男らしく大人っぽくて……僕はこんなに焦っているのに落ち着いている。早くあの胸に抱かれたい。あの日のように、またしてもらいたいなんて考えて、顔が熱くなってくる。
「涼くん疲れた? 顔が赤いわよ」
メイクさんに言われて、はっと我に返った。
「本当にお肌が綺麗ね。お化粧ほとんどいらないわ。あとはリップを少しだけ。あっでも、もともとの唇の色が綺麗だから透明でいいかな」
「この子、若いのに妙な色気あるわねーなんでだろう」
好き勝手にいろんなことを耳元で言われて居場所に困ってしまう。僕に色気があるって? でももしそうだとしたら、それは安志さんのことが好きな気持ちだ。やっと僕だけのことを見てくれた安志さんのことが、好きで好きで堪らない気持ちが漏れているのかもしれない。
イルカのショーは夜になると一層幻想的だった。
イルミネーションの雪の映像と水滴が混ざり合って、その中で跳びはねるイルカが、現実のものとは思えないほど美しかった。でもこんなに可愛い女の子が横にいても、笑顔を向けられても、僕の心はときめいたりはしない。それよりも撮影を順調に早く終わらせれば、それだけ早く安志さんの元に戻れる。そればかり最初は考えてしまう。

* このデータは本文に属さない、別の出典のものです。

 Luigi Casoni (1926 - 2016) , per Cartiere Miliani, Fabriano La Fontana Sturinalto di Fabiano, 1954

ところが、撮影が進むうちになんだか不思議な気分になってきた。
妙な高揚感というのか、自分の顔を撮影してもらうのが楽しくなってきた。ポーズを取ったり目線を決めたり、自由に自分をアピールしていくことに妙な興奮を覚えた。
僕のこの顔は洋兄さんに本当にそっくりだ。いつも帽子を目深に被って、綺麗すぎる顔を隠してトラブルを減らそうとしていた印象が強くて……いつの間にか成長するにつれ、僕も自分の顔に自信がなくなり一目を避けるように意識していたことを思い出していた。

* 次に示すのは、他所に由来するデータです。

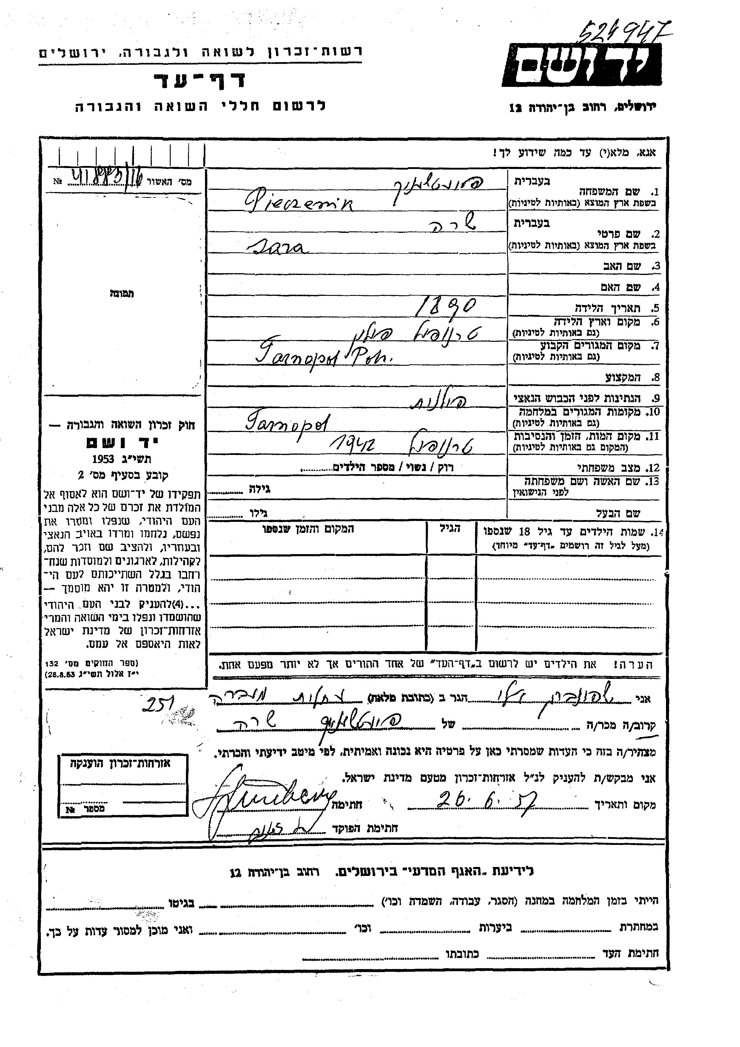 Yad Vashem - Pages of Testimony Names Memorial Collection

本当は俯かずに上を見上げて生きていきたいと思っている。それが本音だ。
洋兄さんもきっと同じことを思っているはずだ。もしかしてモデルという仕事なら、そういう仕事に就けたのなら、それも叶わぬ夢じゃないのかもしれない。
「お疲れさまー」
「君すごく良かったよ、初めてなのに頑張ったな」
「あっありがとうございます」
「いやいや本当に今すぐにでもスカウトしたいな」
「それは……ちょっと」
心の声を見透かされていたようで極まりが悪い。それにいくらなんでも急すぎる。今日は突然だったし……

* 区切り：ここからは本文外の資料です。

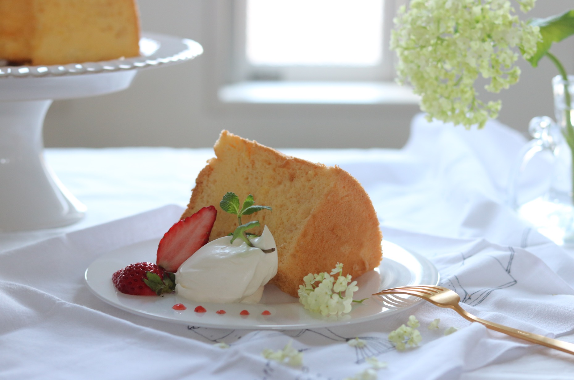ふわふわ を ぷるぷる と一緒に シンプルなシフォンケーキは皿盛りアレンジも自由 ご自宅や外出先でそのまま食べても カフェ風にゆったり独自の盛り付けをして楽しむのも楽しみ方は発想の数だけ低脂質重くない洋菓子さりげない贅沢シンプルケーキ シフォンケーキ。

「前向きに考えてみて欲しいな。それとこの雑誌の特集、次はスタジオで撮影予定だが、病院に運ばれたモデルの男の子が一か月の入院になってしまったから、君が続きをやってくれないか」
「えっ」
「水族館からの繋がりだから、同じ人物じゃないとまずいんだよな。乗りかかった舟ということで頼むよ」
「……」
困ったことになった。今日限りと思っていたのに。でも心の奥底でチャンスを無駄にしたくないという気持ちがあることに、気が付いてしまった。
こんなこと安志さんはどう思うだろうか。
はたして応援してもらえるだろうか。